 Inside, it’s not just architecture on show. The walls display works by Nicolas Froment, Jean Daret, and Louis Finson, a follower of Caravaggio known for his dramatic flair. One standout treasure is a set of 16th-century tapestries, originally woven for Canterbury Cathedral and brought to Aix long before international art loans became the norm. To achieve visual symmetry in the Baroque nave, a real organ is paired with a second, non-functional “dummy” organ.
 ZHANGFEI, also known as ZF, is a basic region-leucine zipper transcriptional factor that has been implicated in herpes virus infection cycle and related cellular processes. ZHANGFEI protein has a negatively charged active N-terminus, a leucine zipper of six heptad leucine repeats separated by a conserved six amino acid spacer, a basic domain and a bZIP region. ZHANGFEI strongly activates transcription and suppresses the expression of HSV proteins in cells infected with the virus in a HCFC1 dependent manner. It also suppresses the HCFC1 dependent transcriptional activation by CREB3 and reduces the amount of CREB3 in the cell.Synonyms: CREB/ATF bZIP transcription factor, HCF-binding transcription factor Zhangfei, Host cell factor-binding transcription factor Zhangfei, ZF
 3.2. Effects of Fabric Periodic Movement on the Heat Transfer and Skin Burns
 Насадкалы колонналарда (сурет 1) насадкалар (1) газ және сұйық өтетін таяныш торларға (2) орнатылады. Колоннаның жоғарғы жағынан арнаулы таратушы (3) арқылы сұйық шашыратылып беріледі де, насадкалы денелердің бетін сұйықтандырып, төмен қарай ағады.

...

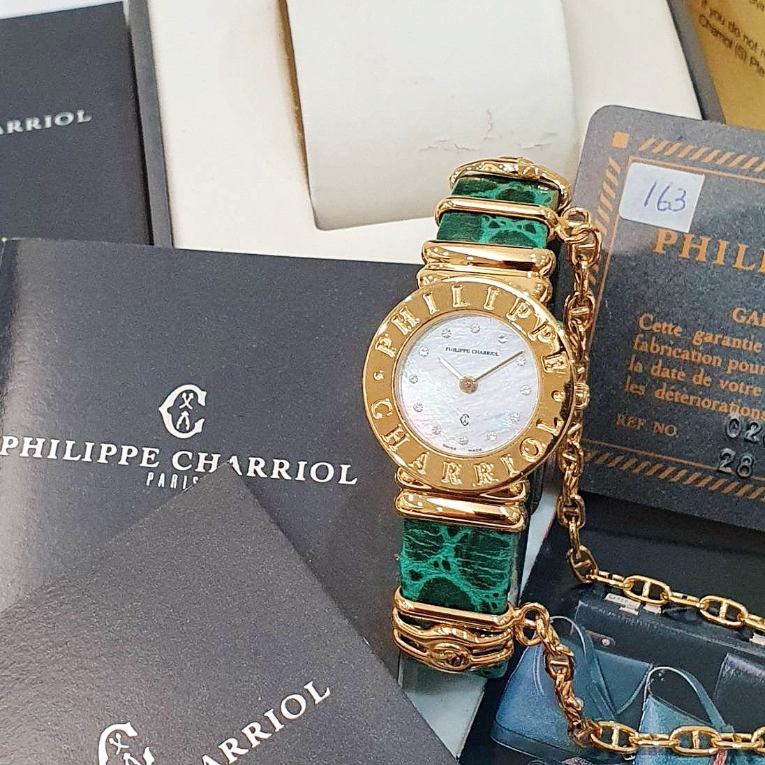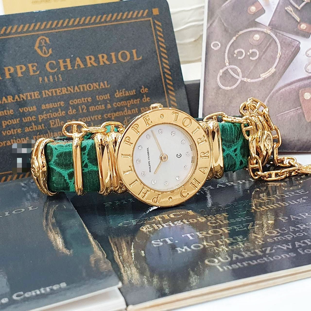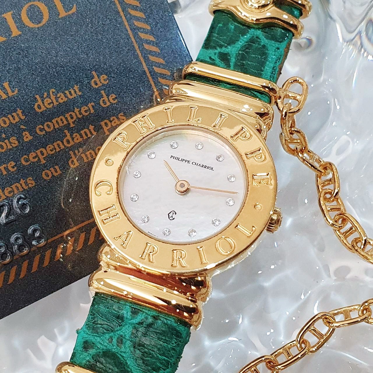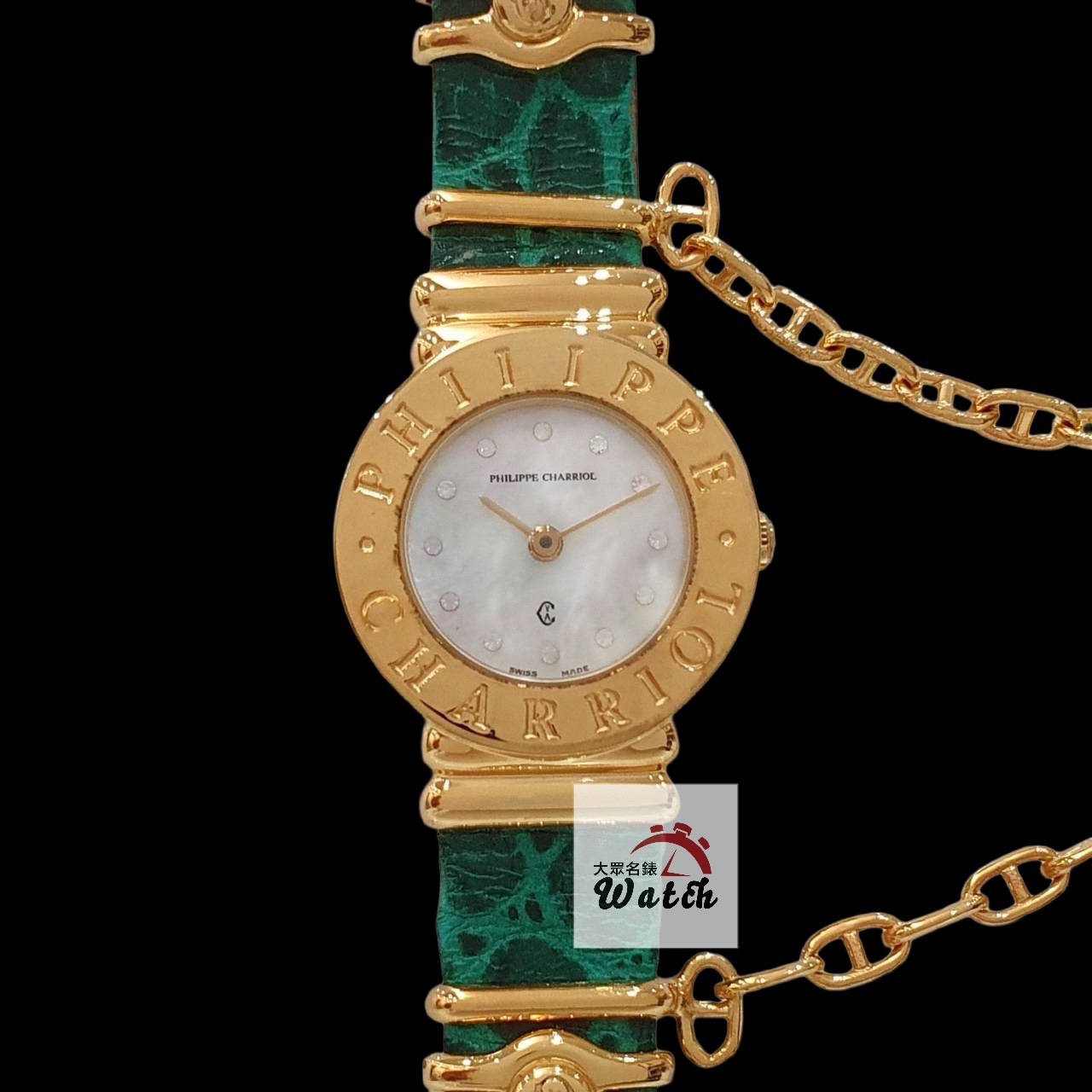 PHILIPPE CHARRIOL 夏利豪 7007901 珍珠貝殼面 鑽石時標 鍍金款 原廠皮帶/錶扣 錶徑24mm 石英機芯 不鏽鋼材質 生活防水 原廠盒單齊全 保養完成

Work to complete
In the listing above, find the line containing "3.2. Effects of" and the line containing "Насадкалы колонналарда (сурет". Output them and every line between, exactly, and nothing else.

Task solution
 3.2. Effects of Fabric Periodic Movement on the Heat Transfer and Skin Burns
 Насадкалы колонналарда (сурет 1) насадкалар (1) газ және сұйық өтетін таяныш торларға (2) орнатылады. Колоннаның жоғарғы жағынан арнаулы таратушы (3) арқылы сұйық шашыратылып беріледі де, насадкалы денелердің бетін сұйықтандырып, төмен қарай ағады.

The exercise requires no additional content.